● What the task requires
What is printed must match, line for line, the records from their first line through the line containing "Split... Read more", with pictures left out.

● Data supplied
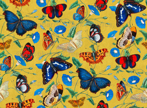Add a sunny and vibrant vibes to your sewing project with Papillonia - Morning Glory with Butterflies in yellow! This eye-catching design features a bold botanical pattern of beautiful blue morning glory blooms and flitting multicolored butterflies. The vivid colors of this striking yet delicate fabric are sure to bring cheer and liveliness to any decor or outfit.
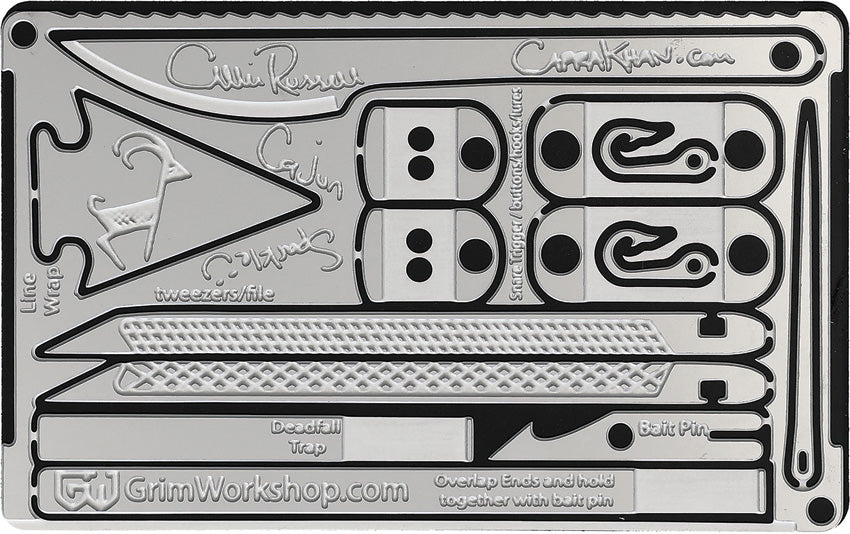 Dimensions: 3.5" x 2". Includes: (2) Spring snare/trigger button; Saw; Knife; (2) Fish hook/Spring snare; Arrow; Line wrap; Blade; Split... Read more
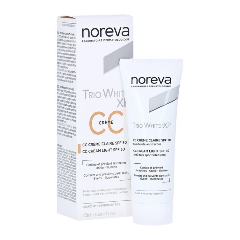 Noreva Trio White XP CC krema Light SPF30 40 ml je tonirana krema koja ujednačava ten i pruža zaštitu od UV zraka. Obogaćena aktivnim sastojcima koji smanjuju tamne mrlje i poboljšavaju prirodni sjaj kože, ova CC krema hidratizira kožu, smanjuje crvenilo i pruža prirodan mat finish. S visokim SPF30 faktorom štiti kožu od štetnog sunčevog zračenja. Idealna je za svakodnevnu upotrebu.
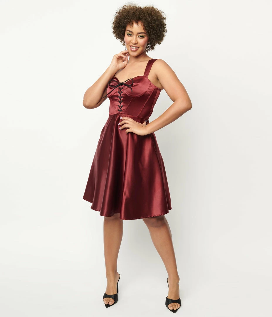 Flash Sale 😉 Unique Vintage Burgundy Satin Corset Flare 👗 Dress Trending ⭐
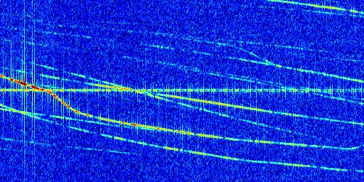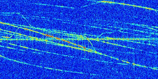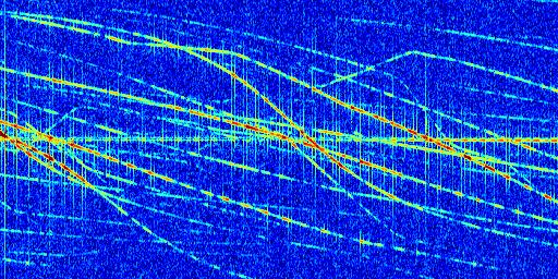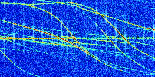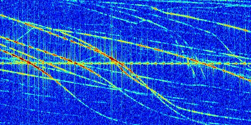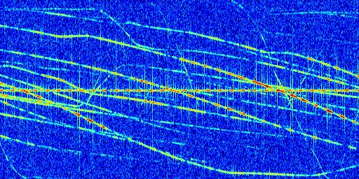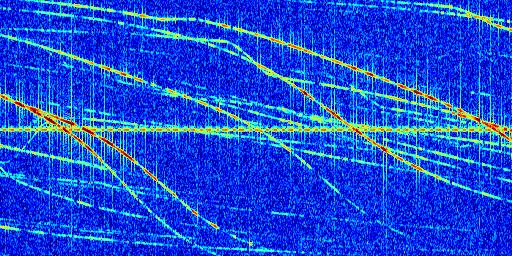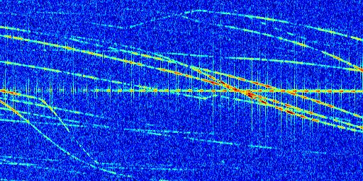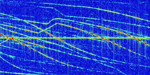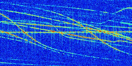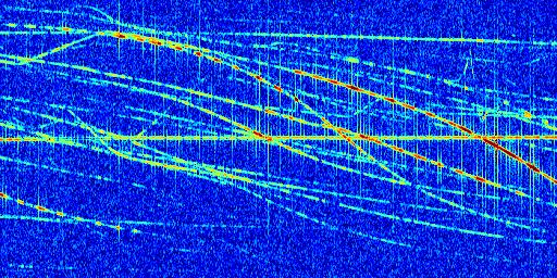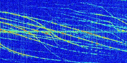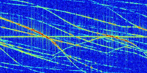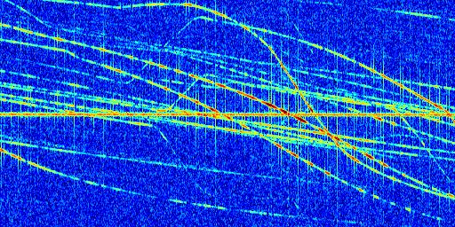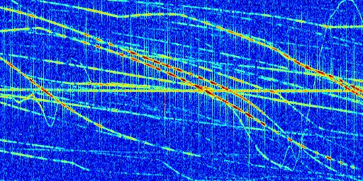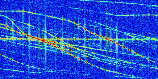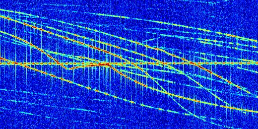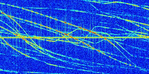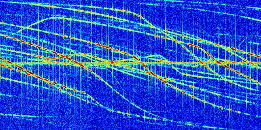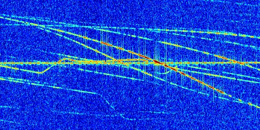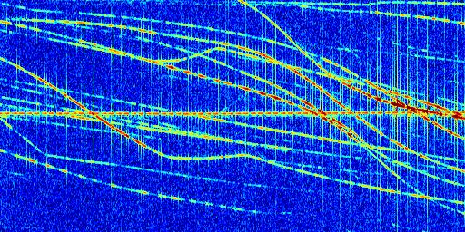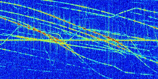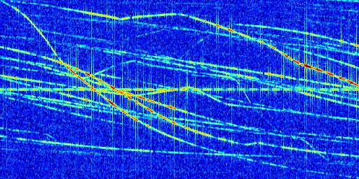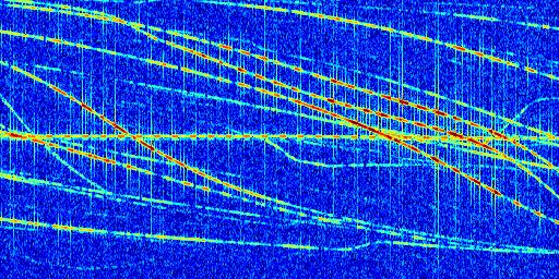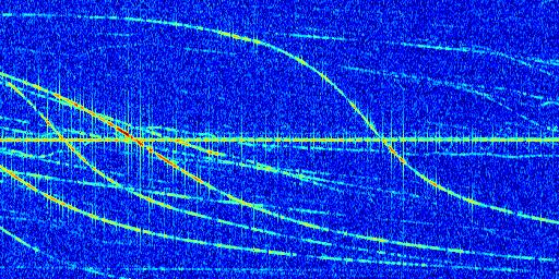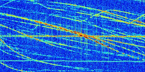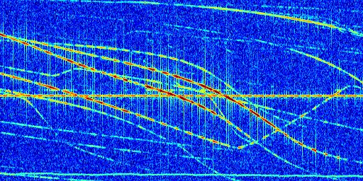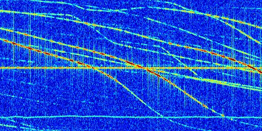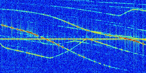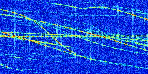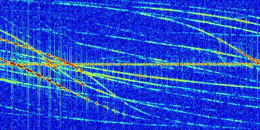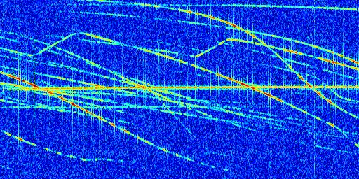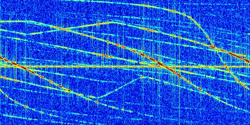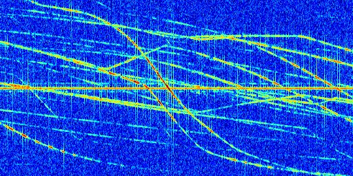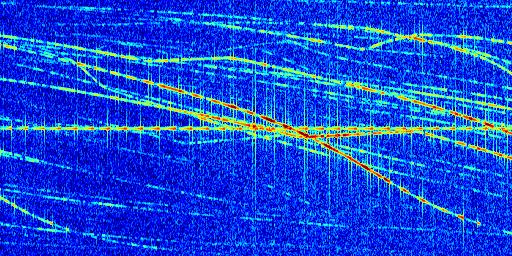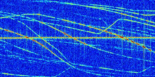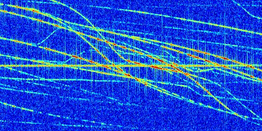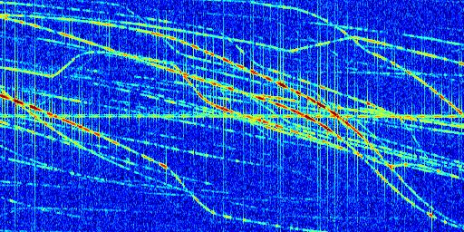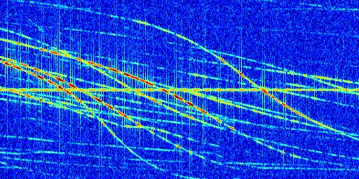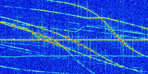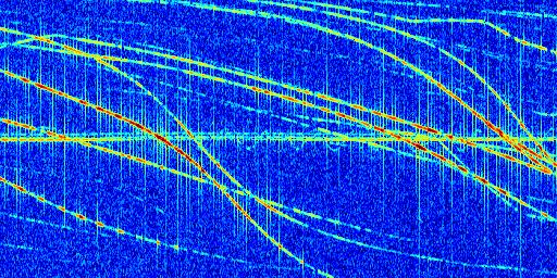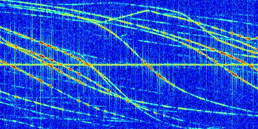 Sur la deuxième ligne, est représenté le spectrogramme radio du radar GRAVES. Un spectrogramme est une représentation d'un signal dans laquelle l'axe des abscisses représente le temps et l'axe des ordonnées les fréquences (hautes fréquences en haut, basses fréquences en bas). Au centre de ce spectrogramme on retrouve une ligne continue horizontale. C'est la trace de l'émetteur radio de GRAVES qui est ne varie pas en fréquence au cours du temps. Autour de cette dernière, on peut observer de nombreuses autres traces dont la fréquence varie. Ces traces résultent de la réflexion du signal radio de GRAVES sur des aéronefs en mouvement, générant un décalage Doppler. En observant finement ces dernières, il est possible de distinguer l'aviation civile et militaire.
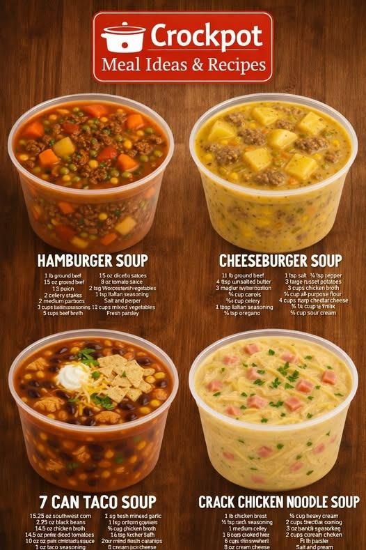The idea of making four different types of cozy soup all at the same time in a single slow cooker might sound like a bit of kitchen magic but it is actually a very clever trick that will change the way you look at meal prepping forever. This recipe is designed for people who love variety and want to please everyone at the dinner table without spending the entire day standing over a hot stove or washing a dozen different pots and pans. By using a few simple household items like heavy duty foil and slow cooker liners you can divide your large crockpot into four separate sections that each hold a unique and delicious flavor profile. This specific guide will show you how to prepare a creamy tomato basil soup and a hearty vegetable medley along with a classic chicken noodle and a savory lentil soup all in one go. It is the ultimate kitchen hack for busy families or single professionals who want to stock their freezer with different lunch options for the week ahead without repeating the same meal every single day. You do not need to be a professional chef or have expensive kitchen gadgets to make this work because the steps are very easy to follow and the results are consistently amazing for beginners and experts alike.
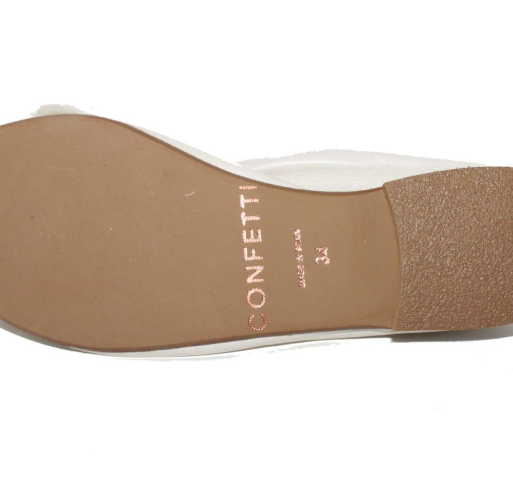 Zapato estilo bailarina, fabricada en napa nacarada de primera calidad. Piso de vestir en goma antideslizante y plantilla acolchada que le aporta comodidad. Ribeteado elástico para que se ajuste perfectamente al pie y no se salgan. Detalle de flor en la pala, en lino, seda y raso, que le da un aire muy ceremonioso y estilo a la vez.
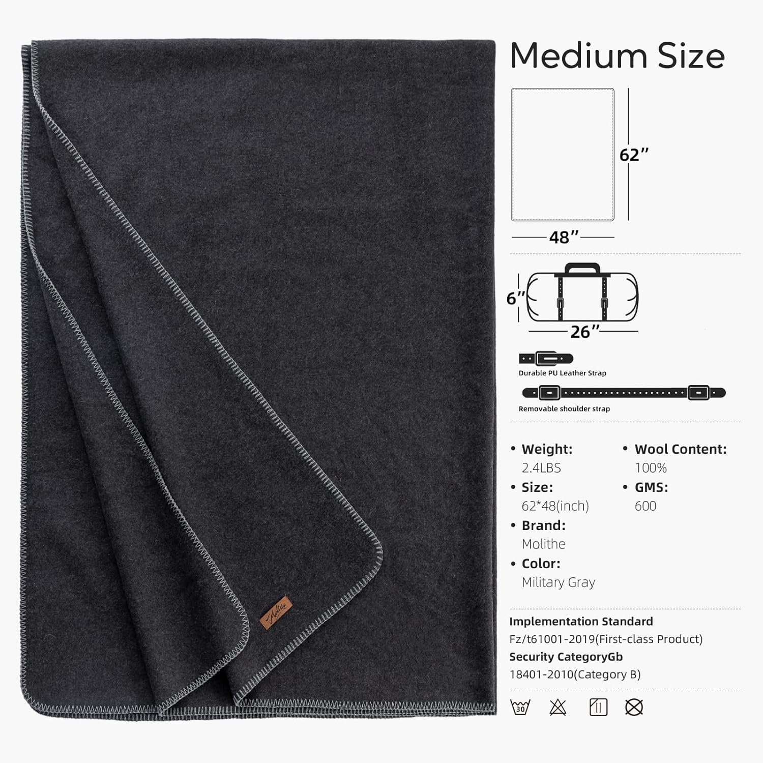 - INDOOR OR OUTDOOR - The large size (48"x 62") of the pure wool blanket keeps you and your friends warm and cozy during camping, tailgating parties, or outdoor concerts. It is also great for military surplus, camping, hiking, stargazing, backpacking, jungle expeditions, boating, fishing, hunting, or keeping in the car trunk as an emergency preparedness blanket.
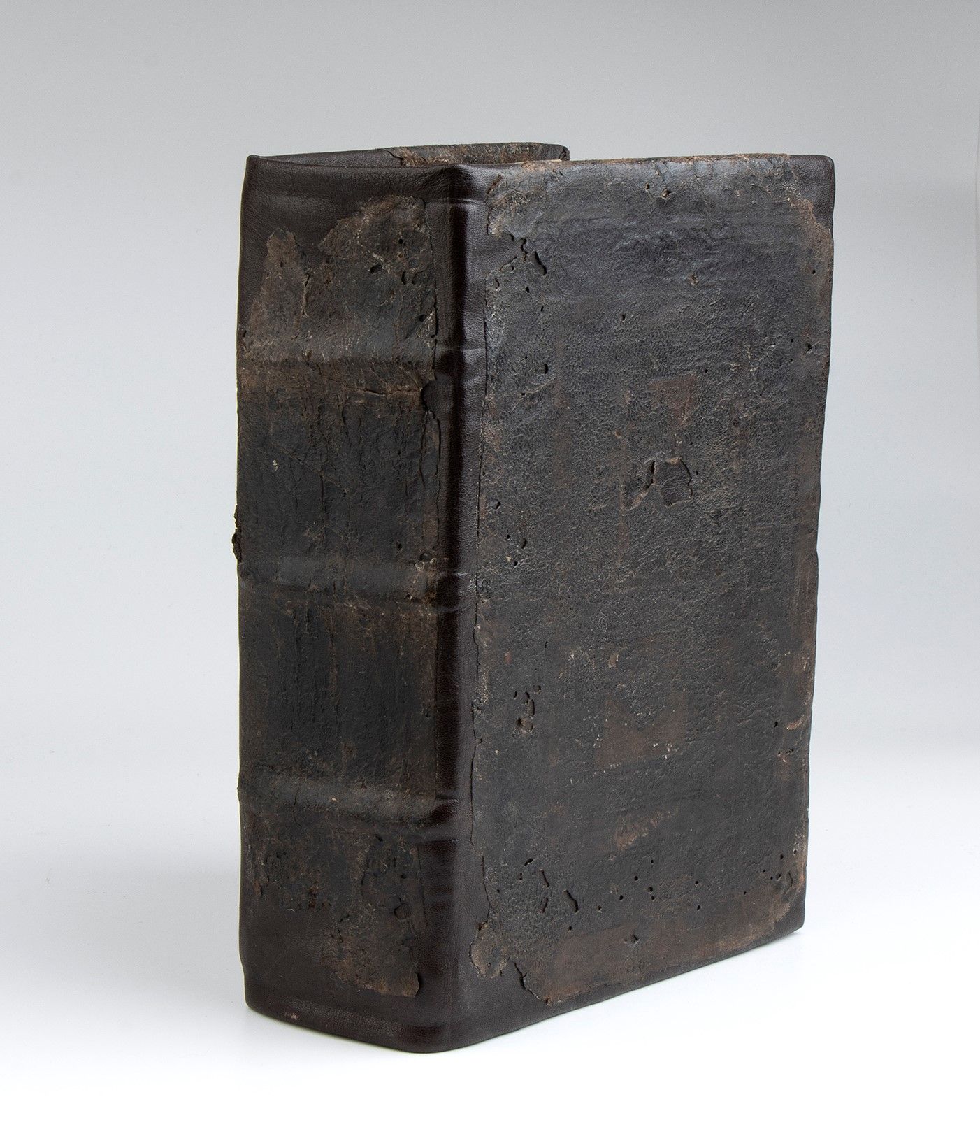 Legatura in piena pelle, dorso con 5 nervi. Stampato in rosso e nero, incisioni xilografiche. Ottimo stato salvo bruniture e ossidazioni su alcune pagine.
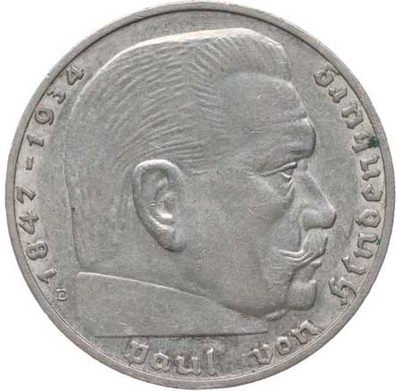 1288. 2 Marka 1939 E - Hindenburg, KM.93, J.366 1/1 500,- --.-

● Problem solution
Add a sunny and vibrant vibes to your sewing project with Papillonia - Morning Glory with Butterflies in yellow! This eye-catching design features a bold botanical pattern of beautiful blue morning glory blooms and flitting multicolored butterflies. The vivid colors of this striking yet delicate fabric are sure to bring cheer and liveliness to any decor or outfit.
 Dimensions: 3.5" x 2". Includes: (2) Spring snare/trigger button; Saw; Knife; (2) Fish hook/Spring snare; Arrow; Line wrap; Blade; Split... Read more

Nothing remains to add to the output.